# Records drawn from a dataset
•••

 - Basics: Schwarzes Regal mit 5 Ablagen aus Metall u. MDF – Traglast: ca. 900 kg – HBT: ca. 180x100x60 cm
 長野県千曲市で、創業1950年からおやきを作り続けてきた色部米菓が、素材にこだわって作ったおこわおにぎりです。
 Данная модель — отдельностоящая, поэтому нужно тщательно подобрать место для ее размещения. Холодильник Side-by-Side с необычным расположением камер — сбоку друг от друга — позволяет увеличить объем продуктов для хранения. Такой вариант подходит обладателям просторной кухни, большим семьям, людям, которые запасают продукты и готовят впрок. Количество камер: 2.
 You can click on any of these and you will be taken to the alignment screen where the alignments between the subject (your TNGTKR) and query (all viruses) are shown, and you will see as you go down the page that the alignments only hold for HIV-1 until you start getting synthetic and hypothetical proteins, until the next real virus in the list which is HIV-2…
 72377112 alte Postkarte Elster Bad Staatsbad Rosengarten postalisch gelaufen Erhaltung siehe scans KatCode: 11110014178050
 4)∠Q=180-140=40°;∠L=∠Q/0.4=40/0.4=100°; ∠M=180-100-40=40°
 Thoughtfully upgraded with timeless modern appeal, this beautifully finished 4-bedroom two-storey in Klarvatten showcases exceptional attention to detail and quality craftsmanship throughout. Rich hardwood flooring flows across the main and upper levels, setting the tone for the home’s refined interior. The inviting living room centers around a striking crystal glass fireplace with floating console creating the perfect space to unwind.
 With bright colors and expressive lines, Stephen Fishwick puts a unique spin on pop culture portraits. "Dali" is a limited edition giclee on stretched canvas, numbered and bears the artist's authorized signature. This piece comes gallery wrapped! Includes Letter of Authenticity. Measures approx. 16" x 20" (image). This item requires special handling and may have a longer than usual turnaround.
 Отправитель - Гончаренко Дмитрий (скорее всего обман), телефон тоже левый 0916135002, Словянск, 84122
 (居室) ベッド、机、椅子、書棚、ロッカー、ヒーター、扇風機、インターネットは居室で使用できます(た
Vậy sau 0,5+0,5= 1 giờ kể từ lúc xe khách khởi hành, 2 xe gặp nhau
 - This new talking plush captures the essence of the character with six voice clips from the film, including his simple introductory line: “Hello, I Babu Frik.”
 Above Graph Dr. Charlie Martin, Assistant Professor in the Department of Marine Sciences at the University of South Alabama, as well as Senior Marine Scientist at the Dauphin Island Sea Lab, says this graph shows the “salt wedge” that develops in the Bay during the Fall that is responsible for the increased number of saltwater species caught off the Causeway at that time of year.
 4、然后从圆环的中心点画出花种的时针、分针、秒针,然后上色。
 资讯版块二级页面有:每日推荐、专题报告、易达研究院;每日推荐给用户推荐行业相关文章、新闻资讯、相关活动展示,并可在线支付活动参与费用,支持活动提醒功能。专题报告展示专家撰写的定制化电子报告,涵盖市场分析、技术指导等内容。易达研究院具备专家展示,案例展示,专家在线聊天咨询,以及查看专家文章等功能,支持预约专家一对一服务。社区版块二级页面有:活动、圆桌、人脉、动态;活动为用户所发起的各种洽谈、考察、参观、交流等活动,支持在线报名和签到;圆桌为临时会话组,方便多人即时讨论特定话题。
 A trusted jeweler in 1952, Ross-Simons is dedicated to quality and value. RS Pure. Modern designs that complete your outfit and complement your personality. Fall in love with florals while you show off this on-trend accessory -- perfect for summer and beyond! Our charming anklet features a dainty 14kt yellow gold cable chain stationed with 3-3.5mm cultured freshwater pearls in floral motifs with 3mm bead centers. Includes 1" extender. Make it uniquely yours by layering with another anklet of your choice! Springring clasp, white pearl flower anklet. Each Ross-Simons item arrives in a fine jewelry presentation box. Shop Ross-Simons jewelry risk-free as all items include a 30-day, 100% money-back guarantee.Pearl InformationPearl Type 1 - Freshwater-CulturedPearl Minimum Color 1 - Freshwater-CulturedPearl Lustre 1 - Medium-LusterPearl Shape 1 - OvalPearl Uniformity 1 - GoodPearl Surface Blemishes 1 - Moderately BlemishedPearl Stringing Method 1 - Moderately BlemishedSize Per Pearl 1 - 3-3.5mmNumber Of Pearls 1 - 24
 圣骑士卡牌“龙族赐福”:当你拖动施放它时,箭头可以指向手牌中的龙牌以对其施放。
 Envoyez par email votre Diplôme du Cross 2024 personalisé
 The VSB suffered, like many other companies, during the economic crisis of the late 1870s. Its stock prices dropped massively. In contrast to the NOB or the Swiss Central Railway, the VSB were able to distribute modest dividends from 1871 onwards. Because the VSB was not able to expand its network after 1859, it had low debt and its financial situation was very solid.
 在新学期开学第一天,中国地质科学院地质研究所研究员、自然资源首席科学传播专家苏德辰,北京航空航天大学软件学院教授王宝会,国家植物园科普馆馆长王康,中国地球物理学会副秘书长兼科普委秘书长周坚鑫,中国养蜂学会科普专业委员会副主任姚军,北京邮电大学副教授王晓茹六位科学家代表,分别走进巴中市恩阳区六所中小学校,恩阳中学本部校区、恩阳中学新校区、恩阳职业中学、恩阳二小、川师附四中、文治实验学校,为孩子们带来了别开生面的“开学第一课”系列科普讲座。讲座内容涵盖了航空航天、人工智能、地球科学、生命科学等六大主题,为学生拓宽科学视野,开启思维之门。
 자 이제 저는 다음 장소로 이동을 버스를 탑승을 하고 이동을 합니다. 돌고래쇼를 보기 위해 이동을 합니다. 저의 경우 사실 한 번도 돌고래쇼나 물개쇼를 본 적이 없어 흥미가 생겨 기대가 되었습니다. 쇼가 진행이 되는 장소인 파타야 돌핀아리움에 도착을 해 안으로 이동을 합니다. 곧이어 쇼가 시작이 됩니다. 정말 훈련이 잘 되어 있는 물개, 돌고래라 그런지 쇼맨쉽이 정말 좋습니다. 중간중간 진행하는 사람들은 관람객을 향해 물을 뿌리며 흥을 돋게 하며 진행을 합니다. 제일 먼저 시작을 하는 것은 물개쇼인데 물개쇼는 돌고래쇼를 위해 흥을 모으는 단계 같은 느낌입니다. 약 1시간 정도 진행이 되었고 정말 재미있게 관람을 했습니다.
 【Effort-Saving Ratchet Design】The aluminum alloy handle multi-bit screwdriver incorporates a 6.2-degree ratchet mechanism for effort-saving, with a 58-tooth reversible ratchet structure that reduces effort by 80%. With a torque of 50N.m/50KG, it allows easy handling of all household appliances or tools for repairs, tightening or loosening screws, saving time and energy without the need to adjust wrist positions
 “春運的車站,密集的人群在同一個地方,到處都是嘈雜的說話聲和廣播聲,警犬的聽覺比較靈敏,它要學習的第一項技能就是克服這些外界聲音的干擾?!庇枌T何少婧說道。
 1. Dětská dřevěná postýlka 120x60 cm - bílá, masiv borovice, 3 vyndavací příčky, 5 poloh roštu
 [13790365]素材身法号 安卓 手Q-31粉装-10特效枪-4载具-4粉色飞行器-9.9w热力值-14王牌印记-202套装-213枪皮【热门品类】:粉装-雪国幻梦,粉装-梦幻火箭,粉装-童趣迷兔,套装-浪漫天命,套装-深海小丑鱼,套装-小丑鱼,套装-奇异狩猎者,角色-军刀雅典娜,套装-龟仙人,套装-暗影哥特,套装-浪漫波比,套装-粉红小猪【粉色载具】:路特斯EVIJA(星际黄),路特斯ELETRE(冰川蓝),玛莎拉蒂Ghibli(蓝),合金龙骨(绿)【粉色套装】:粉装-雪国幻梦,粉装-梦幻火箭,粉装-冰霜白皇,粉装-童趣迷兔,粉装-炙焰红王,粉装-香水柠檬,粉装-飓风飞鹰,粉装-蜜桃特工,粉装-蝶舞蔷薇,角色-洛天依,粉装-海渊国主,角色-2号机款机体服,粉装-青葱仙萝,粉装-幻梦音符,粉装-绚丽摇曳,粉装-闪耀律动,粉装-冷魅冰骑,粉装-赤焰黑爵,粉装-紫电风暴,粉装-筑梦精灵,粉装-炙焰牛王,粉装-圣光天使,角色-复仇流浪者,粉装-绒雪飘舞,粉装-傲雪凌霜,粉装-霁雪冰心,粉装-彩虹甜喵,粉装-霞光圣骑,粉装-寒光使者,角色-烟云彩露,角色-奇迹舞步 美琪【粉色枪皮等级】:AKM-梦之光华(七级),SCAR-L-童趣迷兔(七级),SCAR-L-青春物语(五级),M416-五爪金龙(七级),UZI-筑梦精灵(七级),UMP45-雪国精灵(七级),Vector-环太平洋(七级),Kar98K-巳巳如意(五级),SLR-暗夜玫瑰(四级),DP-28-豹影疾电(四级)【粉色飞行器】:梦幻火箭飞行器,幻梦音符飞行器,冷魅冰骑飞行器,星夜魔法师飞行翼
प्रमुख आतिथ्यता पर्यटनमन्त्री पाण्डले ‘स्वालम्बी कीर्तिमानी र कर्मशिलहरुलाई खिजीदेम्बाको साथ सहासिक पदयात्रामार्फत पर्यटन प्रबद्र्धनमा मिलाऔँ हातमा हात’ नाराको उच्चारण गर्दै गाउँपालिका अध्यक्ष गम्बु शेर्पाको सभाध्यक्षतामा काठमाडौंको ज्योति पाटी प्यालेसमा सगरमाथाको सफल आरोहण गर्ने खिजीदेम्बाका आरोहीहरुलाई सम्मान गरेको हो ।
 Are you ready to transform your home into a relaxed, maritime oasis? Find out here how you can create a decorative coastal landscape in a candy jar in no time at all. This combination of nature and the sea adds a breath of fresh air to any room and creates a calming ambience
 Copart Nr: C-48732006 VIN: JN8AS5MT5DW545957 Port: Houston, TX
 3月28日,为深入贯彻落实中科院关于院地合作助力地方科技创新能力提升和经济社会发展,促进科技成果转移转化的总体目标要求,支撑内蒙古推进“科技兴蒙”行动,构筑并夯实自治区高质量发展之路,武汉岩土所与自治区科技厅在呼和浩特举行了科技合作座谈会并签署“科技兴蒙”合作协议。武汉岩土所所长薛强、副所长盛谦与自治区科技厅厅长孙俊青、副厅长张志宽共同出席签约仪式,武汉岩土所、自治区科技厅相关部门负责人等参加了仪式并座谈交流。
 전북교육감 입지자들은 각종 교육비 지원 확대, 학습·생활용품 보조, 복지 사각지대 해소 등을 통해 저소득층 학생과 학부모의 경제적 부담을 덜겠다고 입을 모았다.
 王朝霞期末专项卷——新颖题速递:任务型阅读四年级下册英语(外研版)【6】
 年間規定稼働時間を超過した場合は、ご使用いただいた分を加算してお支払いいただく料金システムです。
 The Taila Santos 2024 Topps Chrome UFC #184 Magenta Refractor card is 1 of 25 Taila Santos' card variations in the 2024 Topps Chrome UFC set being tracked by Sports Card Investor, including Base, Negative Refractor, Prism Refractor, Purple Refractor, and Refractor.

•••

The lines to copy run from the start of the records above through the line holding "Данная модель —"; give them exactly, both ends included, and nothing else.

# Response box
 - Basics: Schwarzes Regal mit 5 Ablagen aus Metall u. MDF – Traglast: ca. 900 kg – HBT: ca. 180x100x60 cm
 長野県千曲市で、創業1950年からおやきを作り続けてきた色部米菓が、素材にこだわって作ったおこわおにぎりです。
 Данная модель — отдельностоящая, поэтому нужно тщательно подобрать место для ее размещения. Холодильник Side-by-Side с необычным расположением камер — сбоку друг от друга — позволяет увеличить объем продуктов для хранения. Такой вариант подходит обладателям просторной кухни, большим семьям, людям, которые запасают продукты и готовят впрок. Количество камер: 2.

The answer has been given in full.